Write the data out again, character for character, with no images.

** Available data follows **

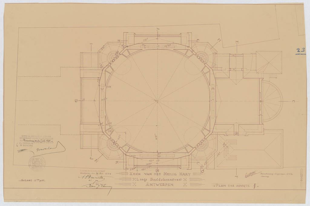 Opschrift: Kerk van het Heilig Hart. Lange Beeldekensstraat Antwerpen. Plan ter hoogte f. Omschrijving plan: plattegrond niveau 2 Datum KCML: deze informatie wordt niet vermeld op het archiefstuk Archiefnummer: A0090
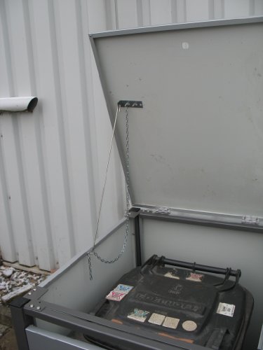 Mittels einer Kette, die am Deckel der Mülltonnenbox und dem Mülltonnendeckel verbunden ist, öffnen sich beide Deckel in einem Handgriff. So müssen Sie beim Müll entleeren nicht beide Deckel separat öffnen.
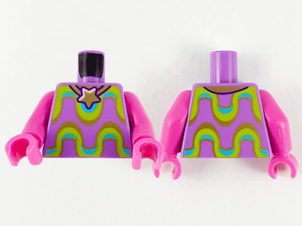 Torso Gold Star Necklace, Lime, Medium Azure and Gold Wavy Stripes Pattern / Dark Pink Arms / Dark Pink Hands
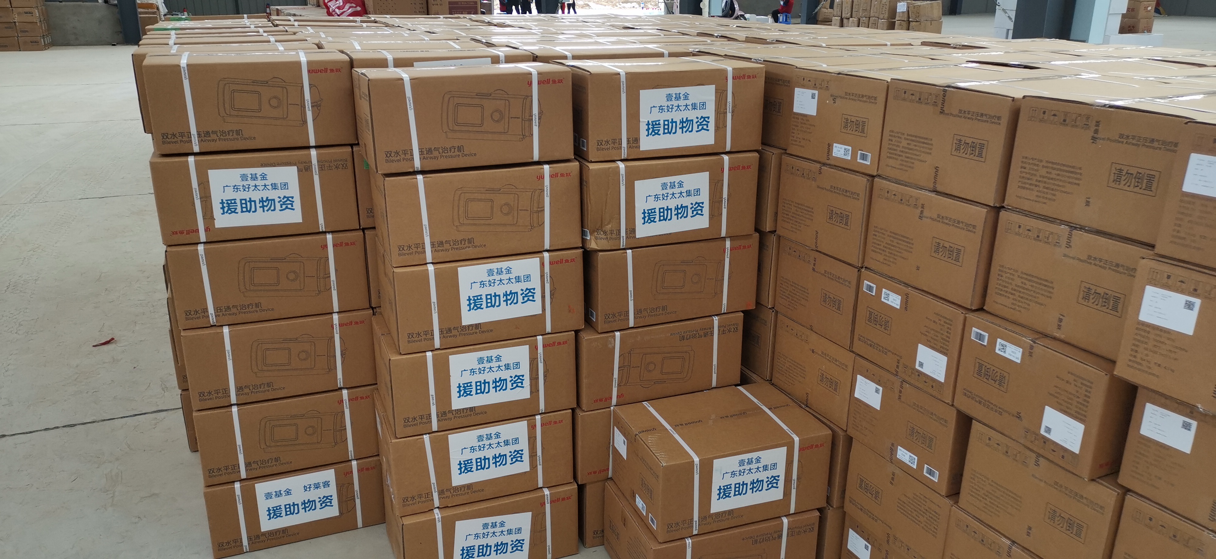 2月8日,医疗物资到达湖北省孝感市,并进行匹配,包括86台双水平正压通气呼吸机和120套压缩空气雾化器。
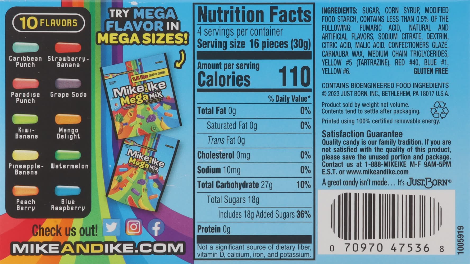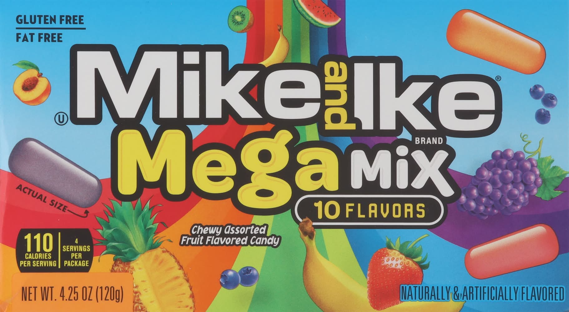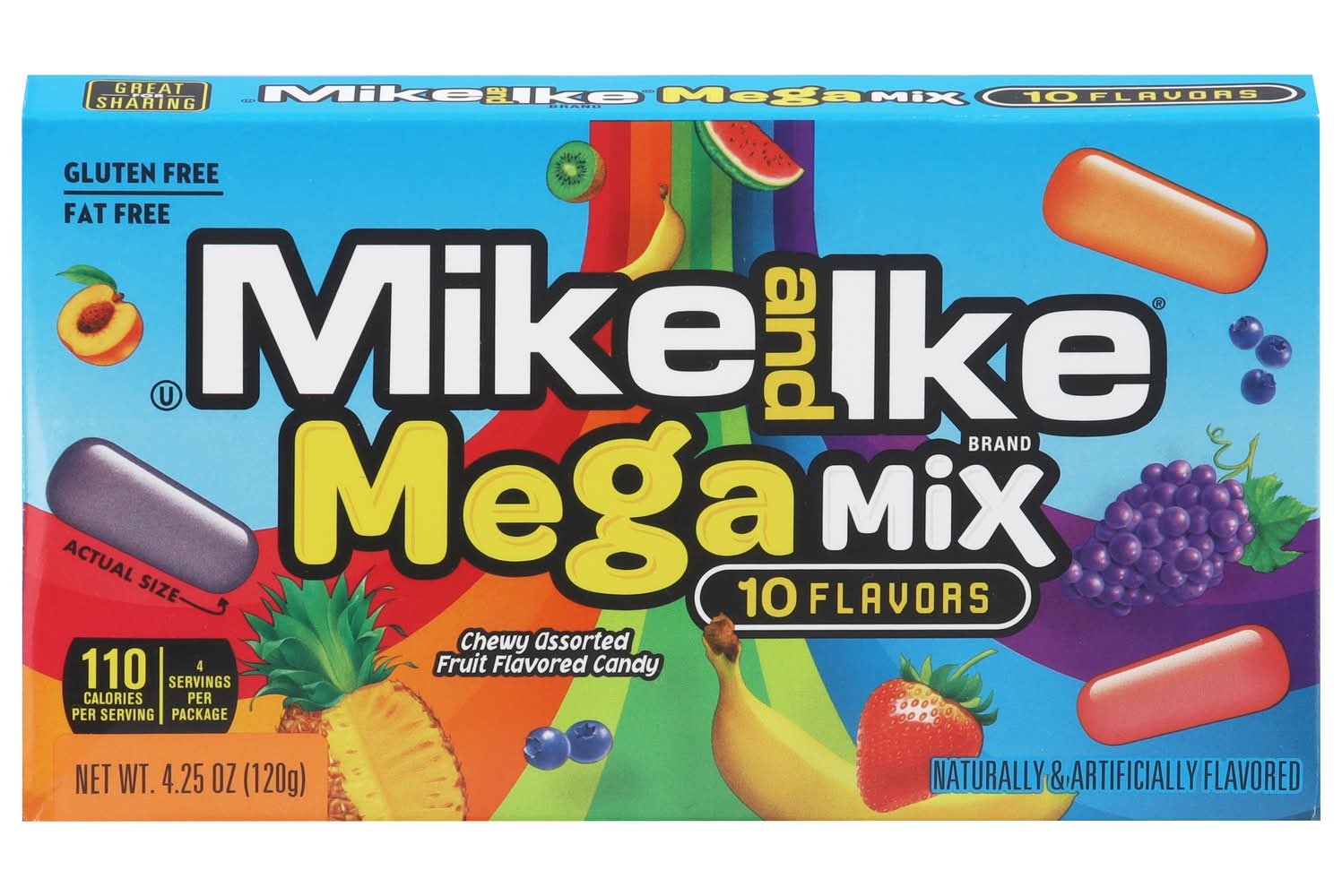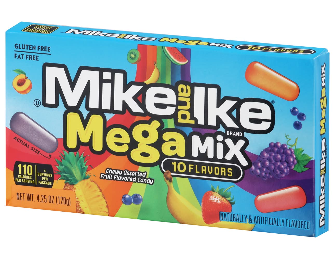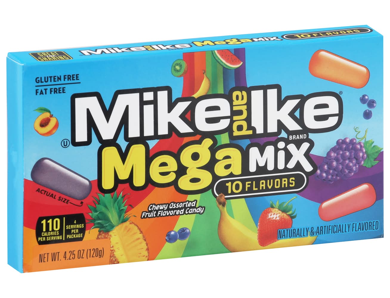 Turn up the flavor to TEN and get your taste buds ready for the insane fruity, chewy taste of MIKE AND IKE Mega Mix! MIKE AND IKE Mega Mix assorted candy is loaded with TEN INSANE fruity, chewy flavors including Caribbean Punch, Strawberry-Banana, Paradise Punch, Grape Soda, Kiwi-Banana, Mango Delight, Watermelon, Pineapple Banana, Peach Berry, and Blue Raspberry and all of these great tasting flavors come in a 4.25 ounce theater size box! Enjoy the great taste of Mega Mix one at a time, or mix • Flavor: Assorted • Packaging: Reusable

** End of Available data **

* [Response to this task]:
 Opschrift: Kerk van het Heilig Hart. Lange Beeldekensstraat Antwerpen. Plan ter hoogte f. Omschrijving plan: plattegrond niveau 2 Datum KCML: deze informatie wordt niet vermeld op het archiefstuk Archiefnummer: A0090
 Mittels einer Kette, die am Deckel der Mülltonnenbox und dem Mülltonnendeckel verbunden ist, öffnen sich beide Deckel in einem Handgriff. So müssen Sie beim Müll entleeren nicht beide Deckel separat öffnen.
 Torso Gold Star Necklace, Lime, Medium Azure and Gold Wavy Stripes Pattern / Dark Pink Arms / Dark Pink Hands
 2月8日,医疗物资到达湖北省孝感市,并进行匹配,包括86台双水平正压通气呼吸机和120套压缩空气雾化器。
 Turn up the flavor to TEN and get your taste buds ready for the insane fruity, chewy taste of MIKE AND IKE Mega Mix! MIKE AND IKE Mega Mix assorted candy is loaded with TEN INSANE fruity, chewy flavors including Caribbean Punch, Strawberry-Banana, Paradise Punch, Grape Soda, Kiwi-Banana, Mango Delight, Watermelon, Pineapple Banana, Peach Berry, and Blue Raspberry and all of these great tasting flavors come in a 4.25 ounce theater size box! Enjoy the great taste of Mega Mix one at a time, or mix • Flavor: Assorted • Packaging: Reusable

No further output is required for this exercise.